It's pretty rare to be in a situation where getting a BSoD is a better outcome than the results you're actually getting, and you seem to be in the latter category; at least with a BSoD you'd have some crash data to sift through that has a reasonable chance of leading you to the culprit. I've read the thread, and you seem to have tried all the basics and some of the more advanced stuff through the help of the VMware community. The way the system does a hard lock-up makes me think there is something going on in kernel mode that is definitely not good (even if whatever it is is being prompted by some mundane user-mode code). Further, you can't really even say that VMware code is the cause, but possibly merely the catalyst. Kernels are complex beasts, and misbehaving code from one completely unrelated module can have ramifications on other code that at first seems to have no links at all.

Seeing as the machine is not blue-screening, I'd suggest trying to MAKE it bluescreen. Follow these instructions to prepare your system:

Once completed, do a test to see if it works. If successful, I'd reproduce your VMware crash and see if you can force a memory dump using the above procedure. This, if it works, could provide valuable insight into exactly what is going on inside the kernel at the time of the freeze. It may be ambiguous at first, in which case, making several memory dumps and analyzing each, to see which similarities they have, particularly the last instructions on the stack, will help to determine if the code running before the crash is consistently similar or even identical.
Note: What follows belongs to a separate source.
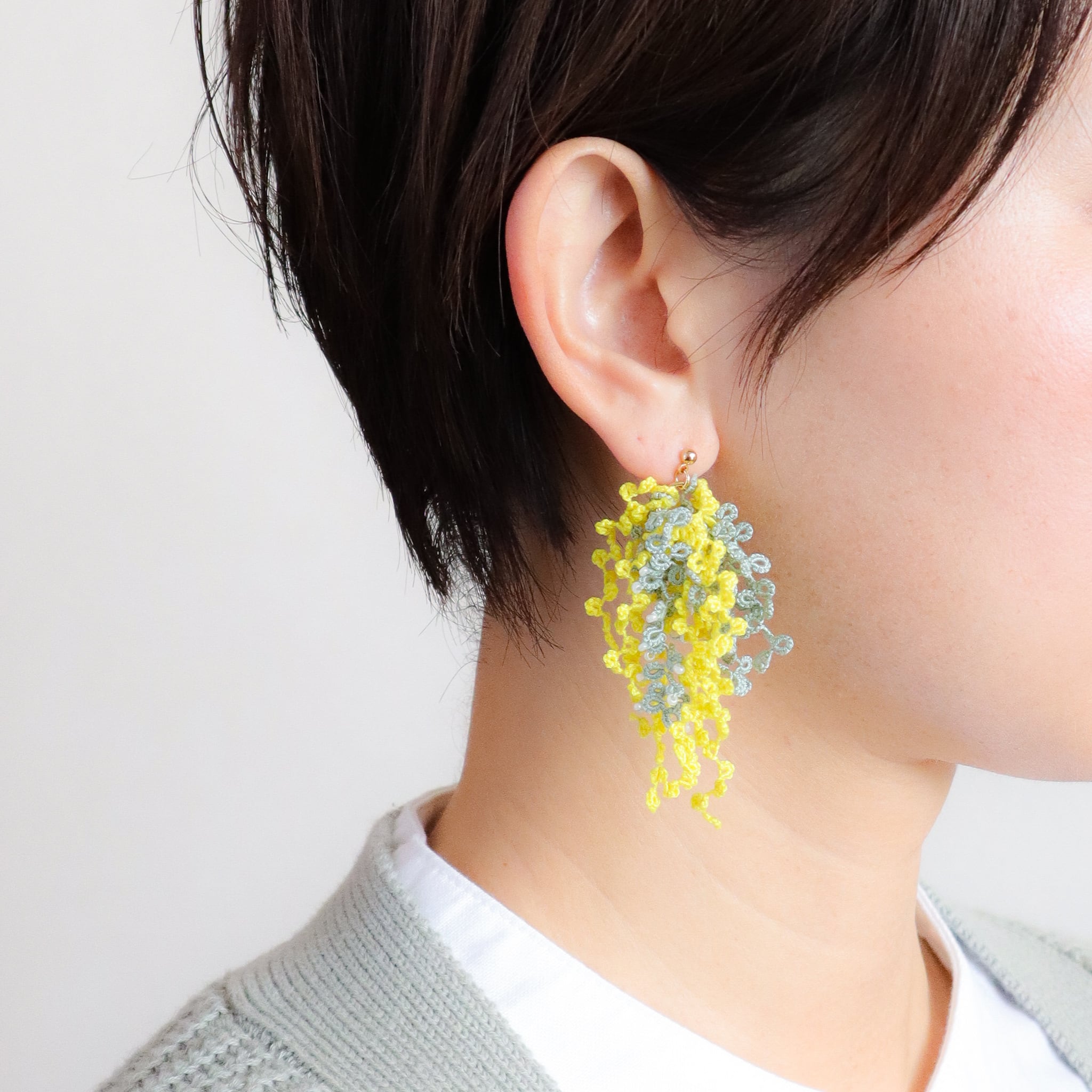タティングレースとビーズのピアス Fluffy<フラッフィー>Mimosa ※イヤリングに変更可
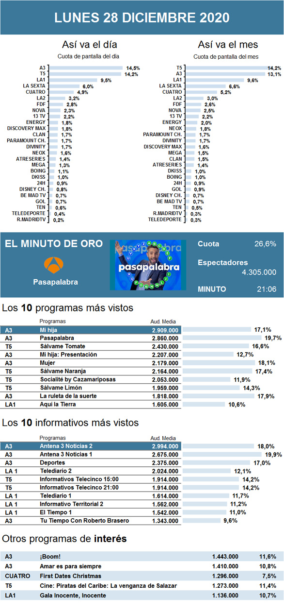 Este lunes, Antena 3 se mantuvo como líder de la noche y, pese a no contar en esta ocasión con El Hormiguero 3.0, acertó al optar por el estreno de Mi hija. La nueva serie turca no sólo consiguió mantener los datos que el programa obtuvo la semana pasada, sino que se impuso como el mejor estreno en abierto de una ficción desde mediados de 2019.

The driver responsible for calling the memory dump runs at a very high priority, so while the system may have frozen, elements of the system may still be responsive, even if they can't typically be interacted with directly by the user, which is why I'd hold some hope that this may work.

If it doesn't, the next step may well be to run Driver Verifier: http://support.microsoft.com/kb/244617

I'd simply create standard settings when setting it up, reboot, and once again, try and reproduce the crash. This will enable a significant number of additional checks on kernel code. The result will be a significant performance penalty (which is why you shouldn't run Driver Verifier on production machines, but purely for debugging bad code), however, it may well catch the fault as a result. In fact, it may well catch the fault well before the system usually crashes. Note, that when if it catches a fault, it'll BSoD the system, however, you'll have a memory dump to analyze. This dump may well be more useful than prior dumps, as DV is likely to have caught what was going wrong at the precise time it happened, and not a memory dump of what was going on well after the damage had been done.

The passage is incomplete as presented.